> _REQUIRED WORK_:
The full listing, written out exactly and without images, is the expected result.

> _DATA BLOCK_:
= = = = = = =

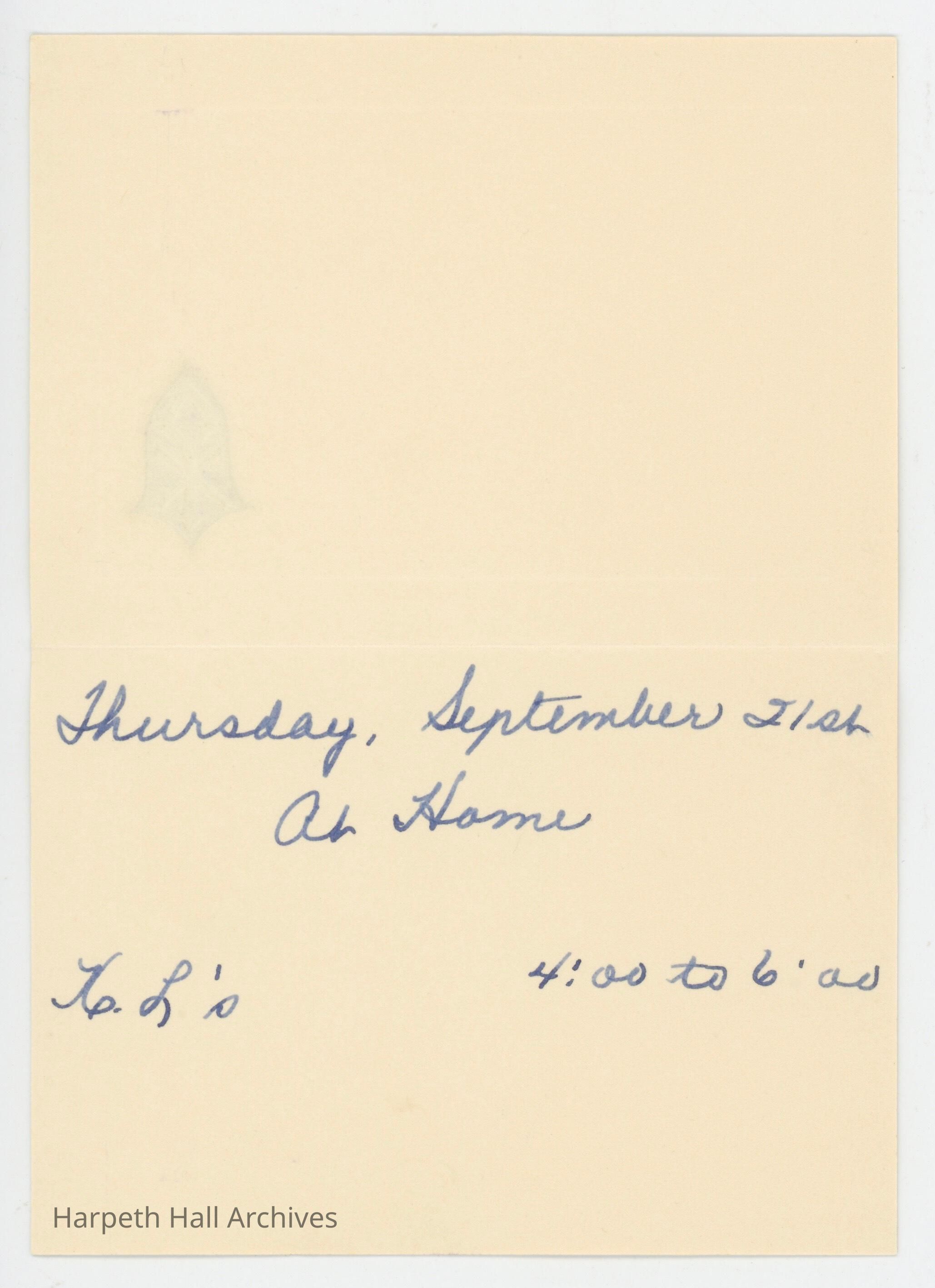 An invitation from X.L. Club addressed to Virginia Richey inviting her to an event at their club house on Thursday, September 21st, from 4 to 6pm. X.L. was a club at Ward-Belmont.Collection
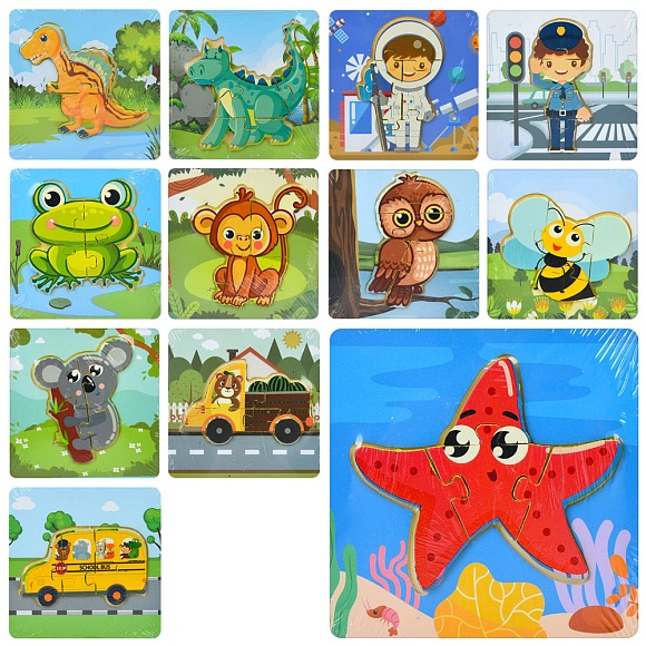 Дерев'яна іграшка Пазли MD 1974 4 дет., мікс видів(тварина,транспорт,морськ.мешканець,динозавр),кул.
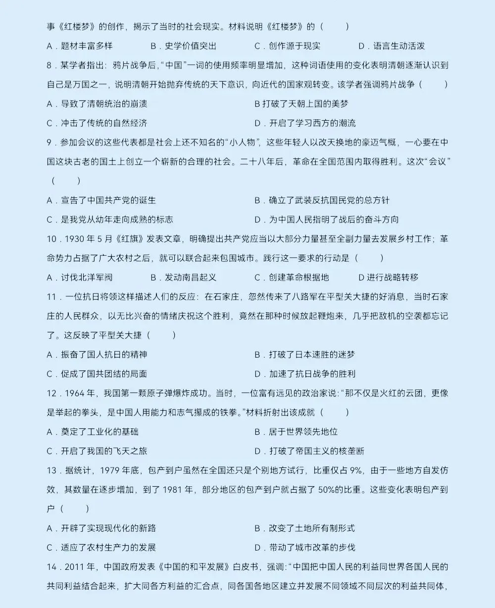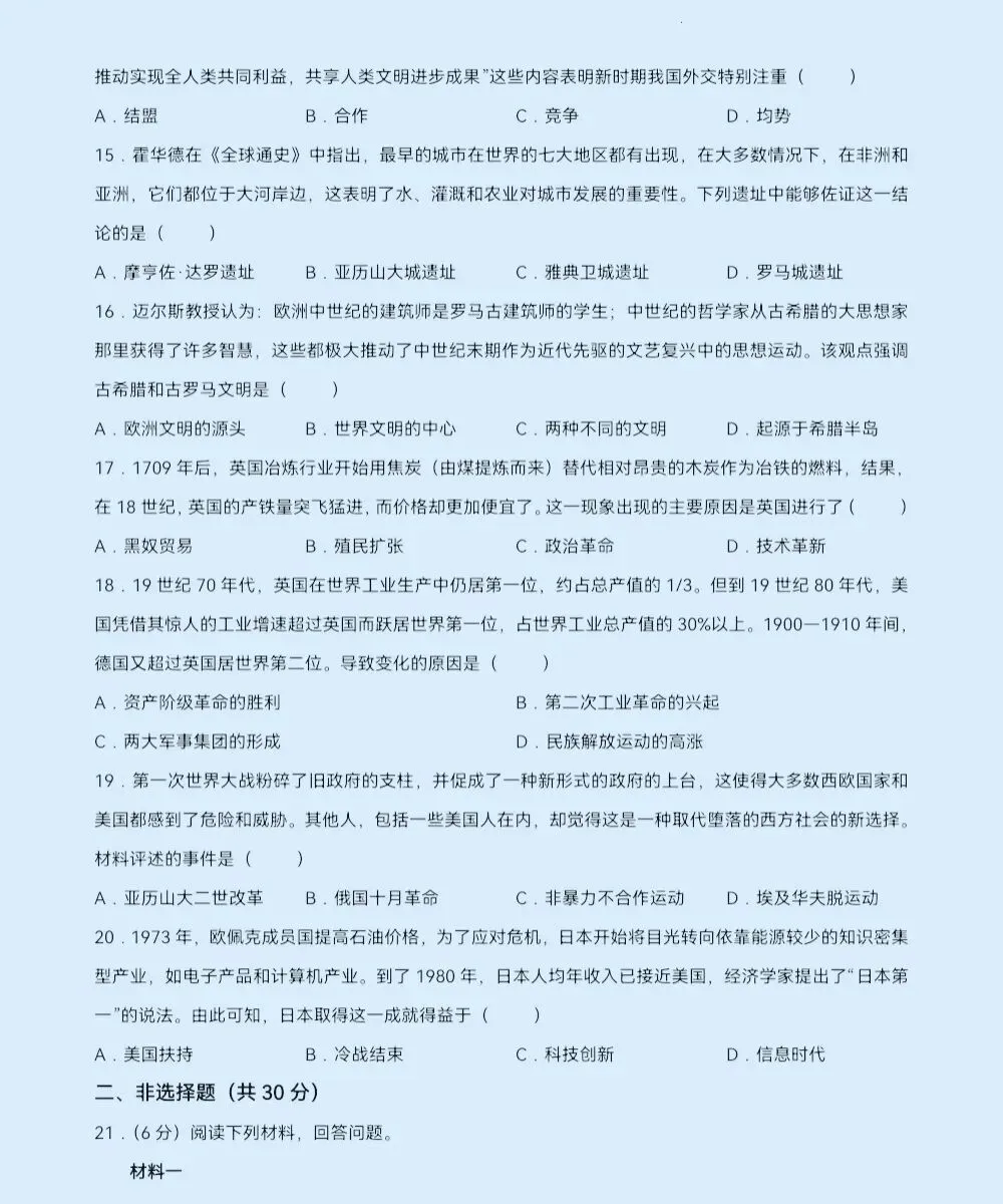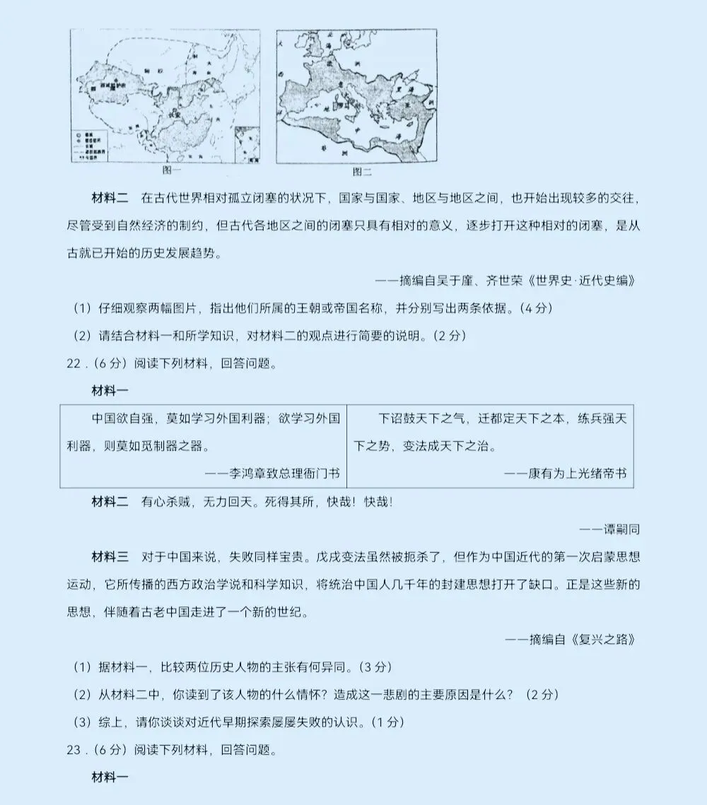 郑枫杨外国语3月份模考历史试卷及答案

= = = = = = =

> _REPLY TO THE TASK_:
 An invitation from X.L. Club addressed to Virginia Richey inviting her to an event at their club house on Thursday, September 21st, from 4 to 6pm. X.L. was a club at Ward-Belmont.Collection
 Дерев'яна іграшка Пазли MD 1974 4 дет., мікс видів(тварина,транспорт,морськ.мешканець,динозавр),кул.
 郑枫杨外国语3月份模考历史试卷及答案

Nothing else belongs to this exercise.